Auswahl der richtigen Materialgüten von Befestigungssystemen

Die auszuführenden Stahlgüten für Dübelverankerungen können je nach vorherrschender Umweltbedingung den zugehörigen ETA-Zulassungen der Befestigungsmittel entnommen werden. Sämtliche Dübel, die eine ETA-Zulassung besitzen, wurden anhand der ETAG-Leitlinien geprüft. In weiterer Folge wird für die angegebene Lebensdauer von 50 Jahren und den jeweiligen Verwendungszweck eine Materialgüte definiert. Seit Oktober 2016 werden ETAG 001 – Part 1 – 4 durch die neue EAD 330232-00-0601 „Mechanical fasteners for use in concrete“ für kommende Prüfungen ersetzt, die in Bezug auf die Materialgüte dieselben Anforderungen beinhaltet wie vormals ETAG.

Folgende Mindest-Materialgüten je nach Umweltbedingung werden durch die ETA-Zulassungen vorgegeben:
• Trockener Innenraum: galvanisch Verzinkt/feuerver­zinkt;
• Feuchtraum und Außenbereich ohne besonders aggressive Bedingungen: Edelstahl A4;
• Außenbereich mit besonders aggressive Bedingungen: Edelstahl hochkorrosionsbeständig.
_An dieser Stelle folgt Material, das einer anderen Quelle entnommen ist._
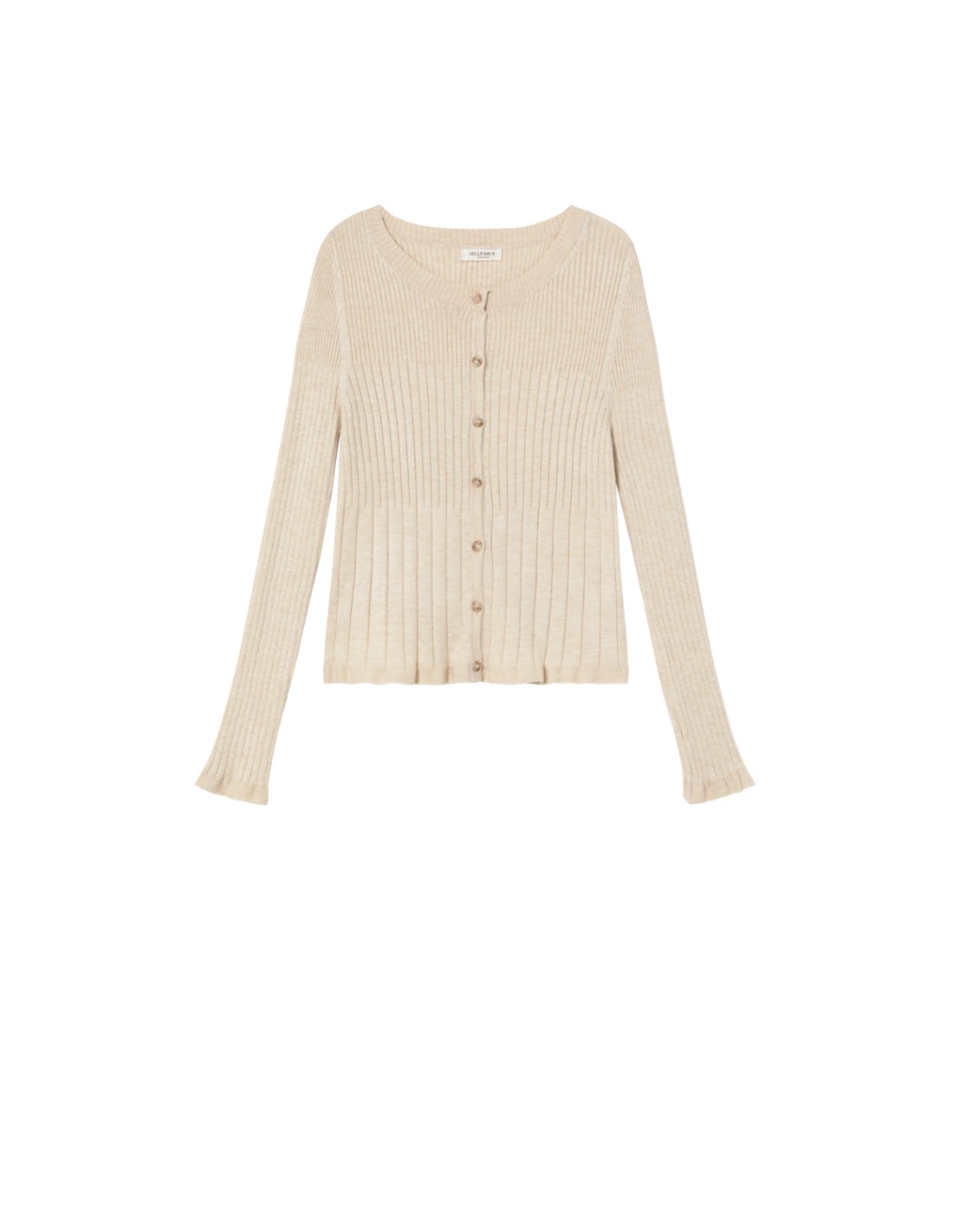 Long-sleeved, straight-cut cardigan with an unique design combining three different types of ribbing on the body and two on the sleeves. It has a round neck and a front button placket. The cuffs feature a three-button detail. It pairs perfectly with the Seef top for a two-piece design.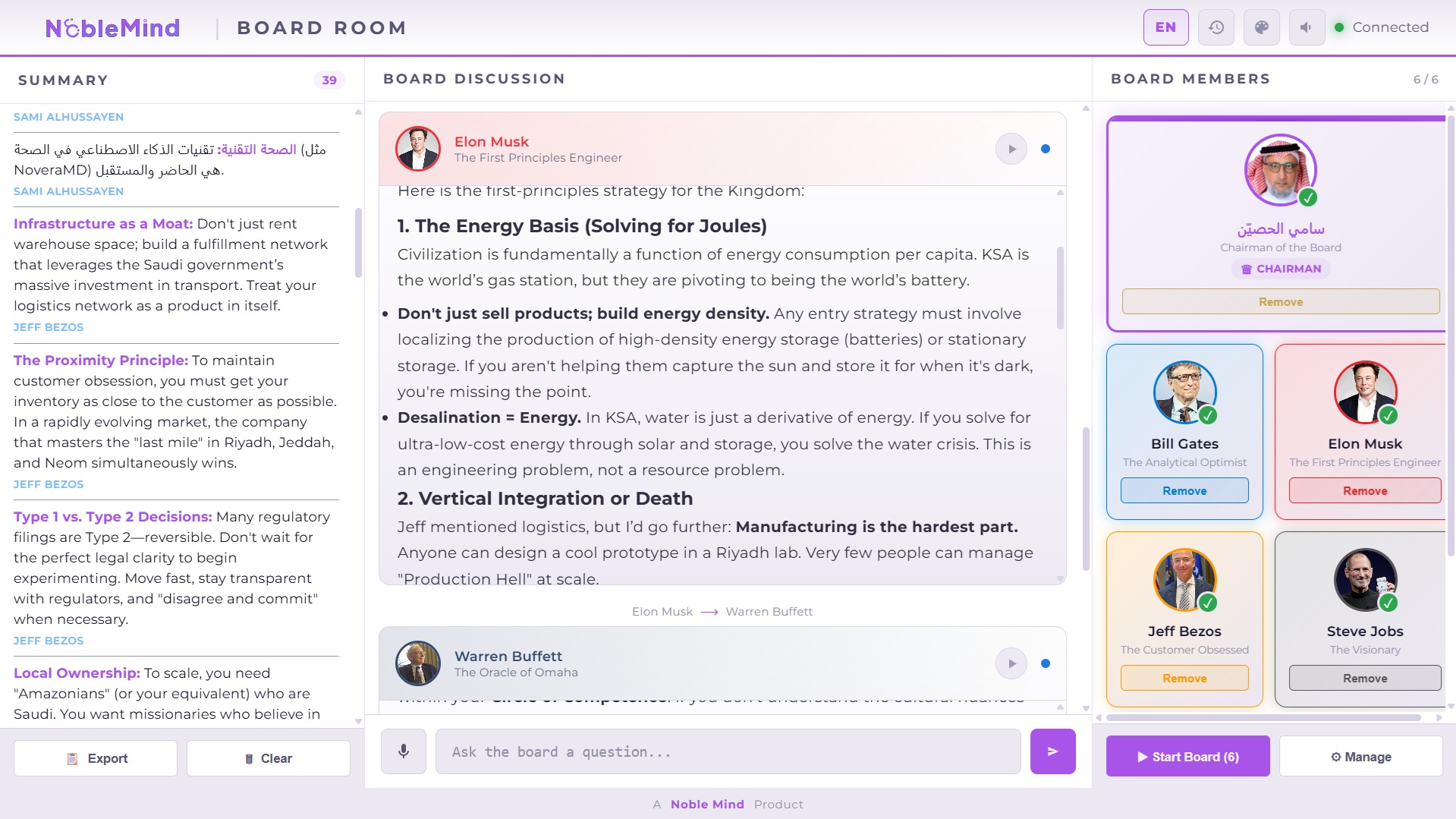 القرارات العظيمة نادراً ما تتخذ بمفردها. هي تتشكل بوجهات نظر متنوعة، وتُحدى بالتحديات، وتُصقل بالحكمة. NobleMind يمنحك نفس القوة. مجلس استشاري افتراضي، متاح فوراً، جاهز لمواجهة أي سؤال تضعه على الطاولة.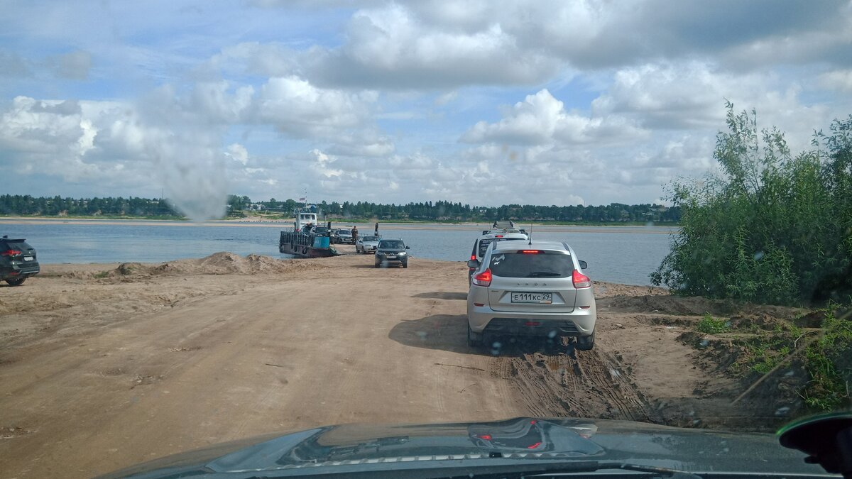вторая понтонная переправа, у поселка Ясный (кстати видно, что её уже начинает заливать, ибо было много дождей, вода в Пинеге поднялась сильно; я успел проскочить, и вечером эту переправу размыло, починили только через дня 3)

Darüber hinaus ist die Kontaktkorrosion ein nicht zu vernachlässigender Faktor, der die Dübelauswahl mitbeeinflussen sollte. Kontaktkorrosion entsteht, wenn verschieden edle Metalle in korrosiver Umgebung miteinander verbunden sind. Dabei wird die Korrosion des unedleren Metalls beschleunigt. Entscheidend ist das Flächenverhältnis der verschiedenen Metalle: 

Kritisch: Masse edleres Metall > Masse unedleres Metall
Unkritisch: Masse unedleres Metall > Masse edleres Metall 

Die obenstehende Tabelle gibt Aufschluss über unterschiedliche Kontaktpaarungen und deren Tauglichkeit. Eine weitere nicht allgemein bekannte Form der Korrosion betrifft die Materialgüte Edelstahl. Bei Einwirken von aggressiven Bedingungen in der Atmosphäre, wie z. B. Tausalz in der Infrastruktur, Chlor in Hallenbädern etc., kann auch Edelstahl einer Form von Korrosion, der Spannungsrisskorrosion, unterliegen. Hier treten aufgrund der aggressiven Medien in der Atmosphäre Eigenspannungen in der Ankerstange auf, die zu einem plötzlichen Versagen des Ankers führen können. Um diese Art der Korrosion zu vermeiden, sind in aggressiven Medien hochkorrosionsbeständige Materialien zu verwenden.

Zusammenfassung

Um nun sicherzustellen, dass die Montage eines Geländers korrekt ausgeführt wird, sind Fachunternehmen gefordert, ihr Personal entsprechend auf die Anforderungen der Praxis zu schulen und vorzubereiten. Für die korrekte Auswahl der Befestigung und deren Montage empfiehlt es sich, die folgenden „W-Fragen“ zu bedenken, zu beantworten und mit den Möglichkeiten der unterschiedlichen Dübelsysteme zu vergleichen:

Was? – Belastung
Wo? – Korrosion
Worin? – Verankerungsuntergrund
Wie viel? – Achs- und Randabstände
Wann? – Temperatur und Aushärtezeiten
Wie? – zulassungskonform Montieren

Sind alle obenstehenden Fragen zur Gänze beantwortet und kann das gewählte Dübelsystem die Anforderungen erfüllen, steht einer korrekten und sicheren Montage nichts mehr im Weg.